If you're regularly hitting the hay past your bedtime, chances are you're also at odds with the number on your bathroom scale.
Yet another study, this time from the University of California Berkeley, has discovered a link between sleep deprivation and weight gain. After analyzing data from more than 3,300 adolescents and adults, the researchers found something pretty stunning: Over about five years, people gained 2.1 BMI points for every hour of sleep they lost. Considering a healthy adult BMI is between 18.5 and 24.9, a two-point gain is nothing to sneeze (err... snooze?) at.
Why Counting Sheep Can Help You Shave Off The Pounds
When it comes to the sleep-weight connection, it's not so much about the time on the clock but the amount of time you spend with your head on your pillow, says Michael J. Breus, PhD, clinical psychologist with a specialty in sleep disorders and author of The Sleep Doctor's Diet Plan: Lose Weight Through Better Sleep.
"Now what we're talking about here is sleep deprivation, which is individual." He gives his and his wife's sleeping habits as an example: "I'm a six-and-a-half hour sleeper, my wife is an eight-and-a-half hour sleeper. If she sleeps for six-and-a-half hours, she's deprived. If I sleep six-and-a-half, I'm right on the money," he says. "However, we can make a general comment by saying that people who are getting less than six-and-a-half hours of sleep a night are, more than likely, exhibiting some form of sleep deprivation."

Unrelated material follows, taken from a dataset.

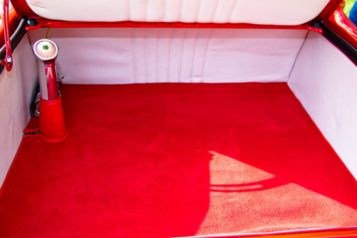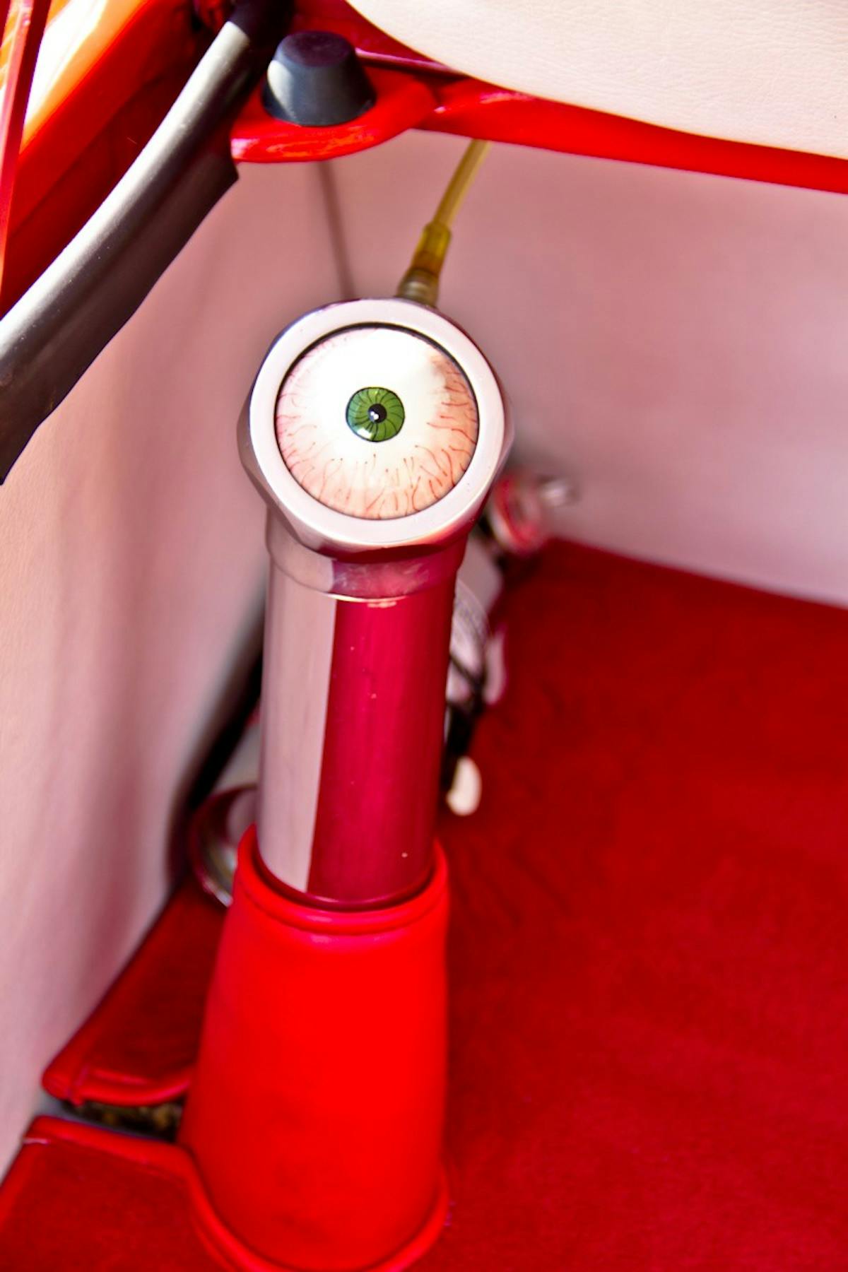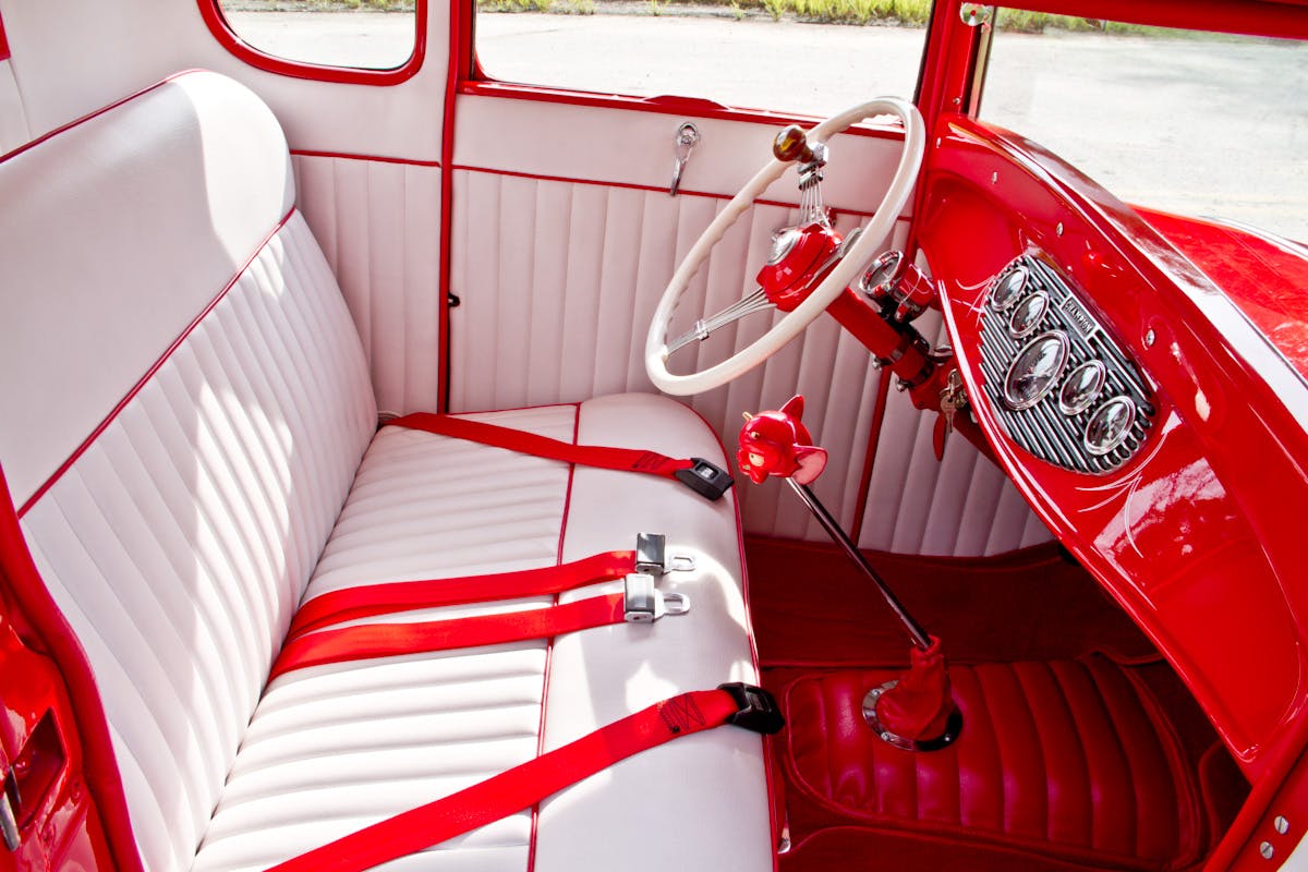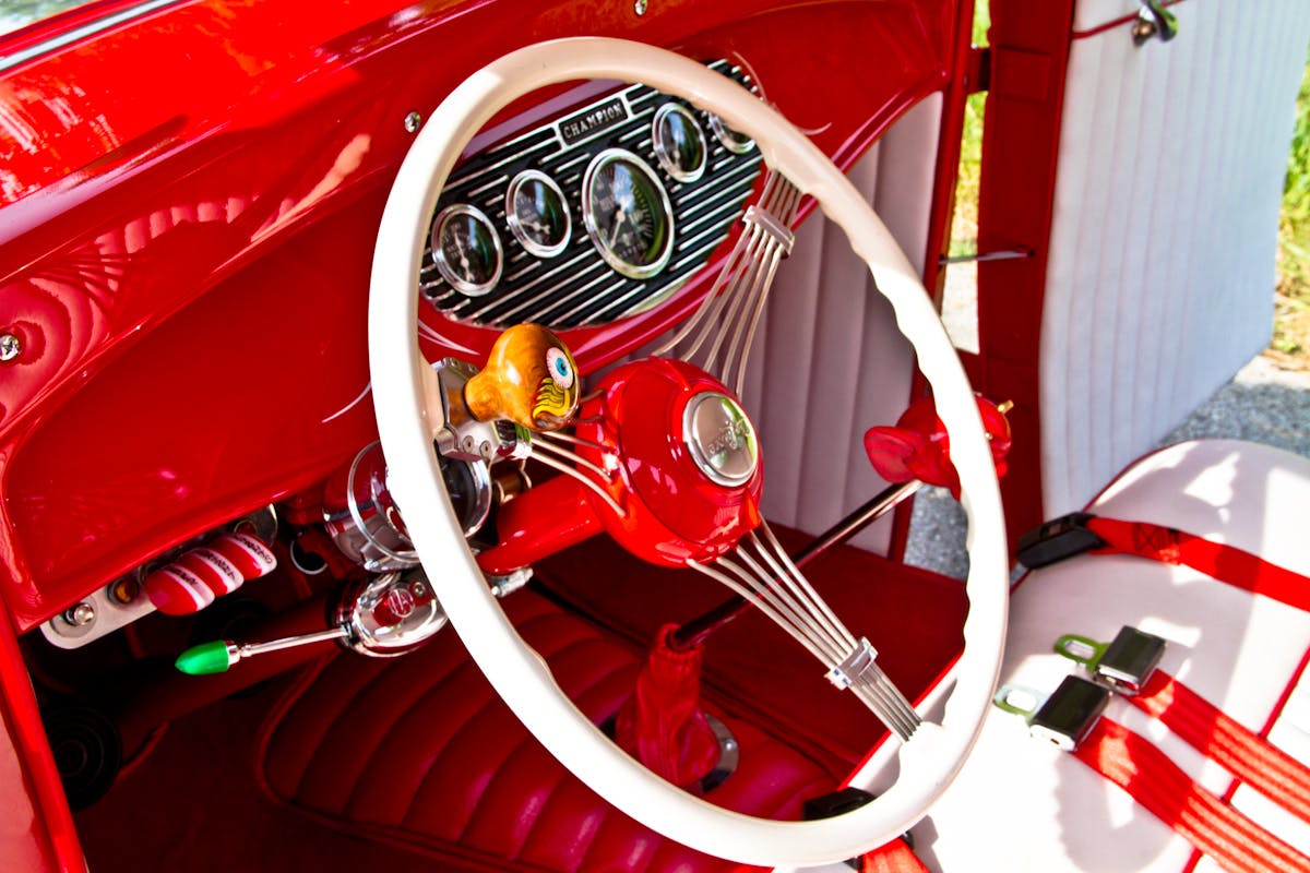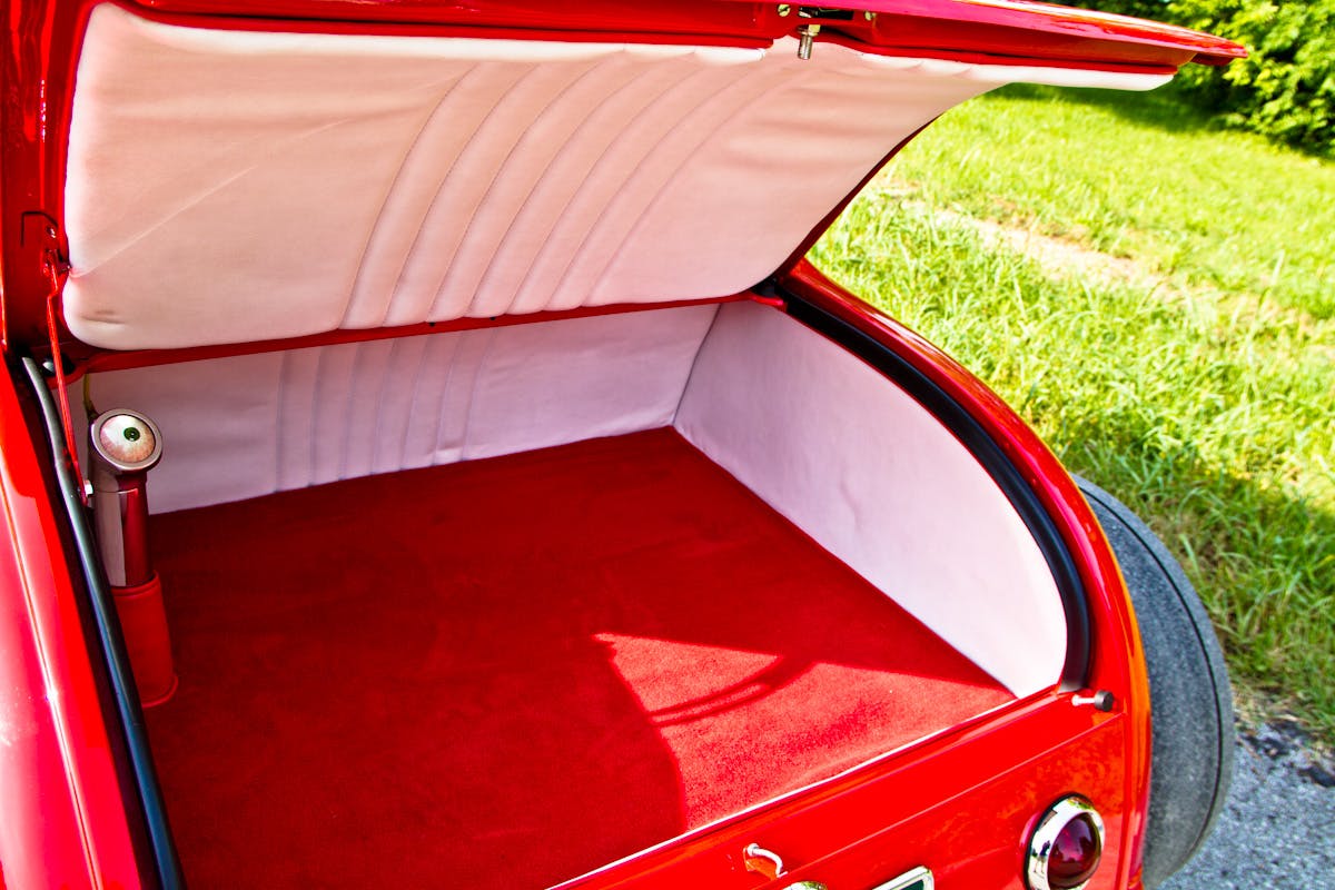 Komarek’s Upholstery in Great Bend, Kansas, was tasked with the interior stitch work which consists of tuck-n-rolled white vinyl with red-piping stretched over a Glide Engineering reclining bench seat, fitted with red Juliano’s seat belts, and the flooring was covered with red nylon plush cut carpet. The door panels, trunk area, and headliner all received the same tuck-n-roll white vinyl and red carpeting treatment. The in-cab electronics were setup with Affordable Street Rods wiring tucked behind a 1932 Ford dash with Stewart Warner Wings instrumentation. A 1939 Ford steering column topped off with a 1939 Ford banjo steering wheel, fitted with the iconic Von Dutch flying eyeball assist knob (painted by Pat Landsparger), and a devil “Brain” custom shifter knob, also painted by Pat, completes the interior.

And this lack of serious snooze time can send your hormones into a tailspin, which, in turn, causes your BMI to surge.
"When we look at hormonal imbalance, there are four major things that happen in the body," says Dr. Breus. First, the hormone ghrelin increases by 20 percent. "I call this one the 'go' hormone because it's the hormone that tells you to go eat."
Then there's leptin, the hormone that signals when it's time to stop eating, which decreases by 15 percent. Cortisol, sometimes referred to as the stress hormone, is also on the rise, turning on the hunger switch.
And lastly, your metabolism becomes sluggish. "The reasoning behind this, we believe, is to save resources," explains Breus. "Your brain is saying, 'Wow, I'm still awake. I don't know why, but I better hold onto my resources because I might need them. Who knows? There might be a situation where I have to run.' So now look at the scenario — too much 'go,' not enough 'stop,' high appetite and a slow metabolism. This is why you're gaining weight."
5 Easy Ways to Get More Sleep
This may sound like a nightmare, but the good news is you can reverse this trend by simply turning off the lights and going night-night earlier.
"[There are] five steps anyone can do for better sleep," says Breus:
- Stick to a schedule. "Go to bed and wake up at the same time, even on the weekends, because that consistency will help you fall asleep faster and sleep better."
- Stop consuming caffeine by 2 p.m. "That doesn't mean you can't have 'real' coffee, it just needs to come to an end by 2 p.m."
- Stop consuming alcohol at least three hours before bedtime.
- Stop exercising about four hours before bedtime.
- Get 15 minutes of morning sunshine. "Sunlight resets your circadian clock, which is the pace maker that helps you go to sleep and stay asleep," he explains. "So by getting 15 minutes of sunlight each morning, you can help keep your body on schedule."
Sweet dreams (of whittled waistlines)!